I have 3 daughters. All play/played school softball at a small high school. The oldest played travel ball for 2 years. My thoughts...
The "Tryout", at least 10 years ago, was more a tryout for the parents' bank account. If the check you wrote was able to clear, congratulations. You made the team.
Ten years ago, the cost was significant, but it didn't seem ridiculous to me. It was a few hundred bucks plus the expense of travel for practices and tournaments, gear, etc. Not cheap, but not stupid expensive, either.
Then two years in, the entire model seemed to change. The organization she played with, along with others I heard about, started paying coaches instead of relying on parent volunteers, increased the travel range, frequency and duration, leased off-season practice facilities, etc. and the cost got stupid.
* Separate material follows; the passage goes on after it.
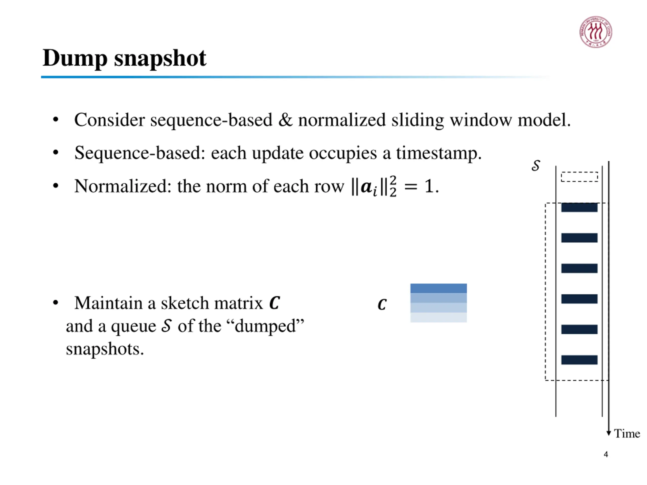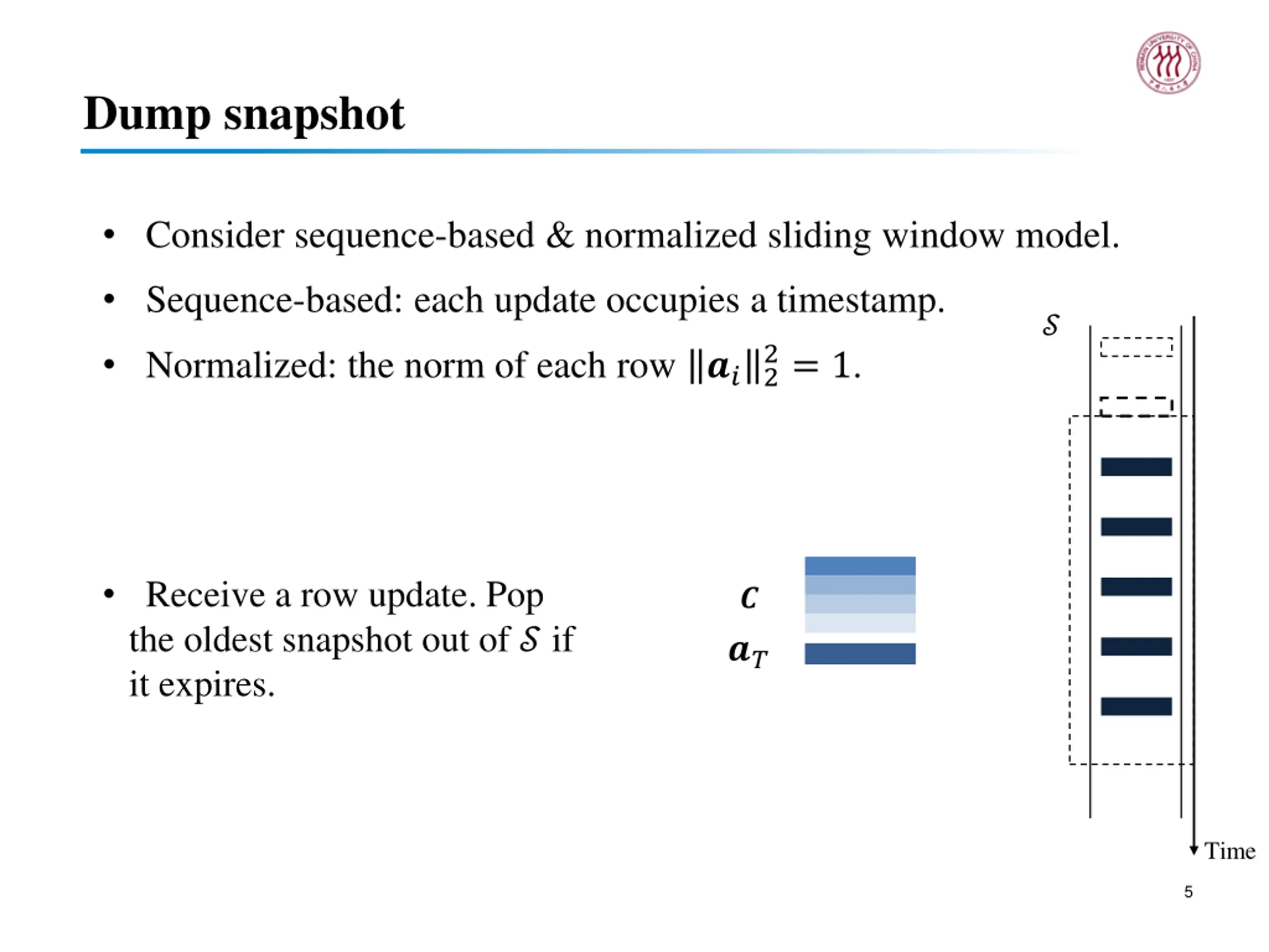 Dump snapshot Consider sequence-based & normalized sliding window model. Sequence-based: each update occupies a timestamp. ? 2= 1. Normalized: the norm of each row ?? 2 Maintain a sketch matrix ? and a queue ? of the dumped snapshots. ? Time 4

From a few hundred bucks a season to well over $1,000 - and there are 2-3 "seasons"!
Travel sports, in my opinion, are fine for those athletes that have the talent and dedication that will take them to the next level. It offers a high volume of competitive games. But for the 90+% of kids that will never play after high school, it is more a social activity. Would you pay $2,500+ a year for a social activity?
The down side goes beyond the money in my opinion. Of the 12 girls that played junior high travel ball on my daughter's team, only 3 continued to travel or high school ball after 8th grade. Many travel teams do not allow you to play spring and fall and then play school ball in the summer. My daughter's organization did not and it was actually in the "contract".
My advice would be find a rec league and see where it goes. If a kid has talent AND wants to live and breath that particular sport, I would start by trying to organize a team with some of his friends. There are plenty of rec leagues around and plenty of free places to practice and should be able to find a handful of tournaments that can be entered without requiring each kid's parents to make a mortgage payment to participate. 10U would be the absolute earliest level where I would pay to play anything, and more likely 12U. The existence of 8U teams are almost exclusively rostered by kids with delusional parents that think they have the next Bryce Harper or Jenny Finch or parents with more money than sense. Either way, I wouldn't want anything to do with that.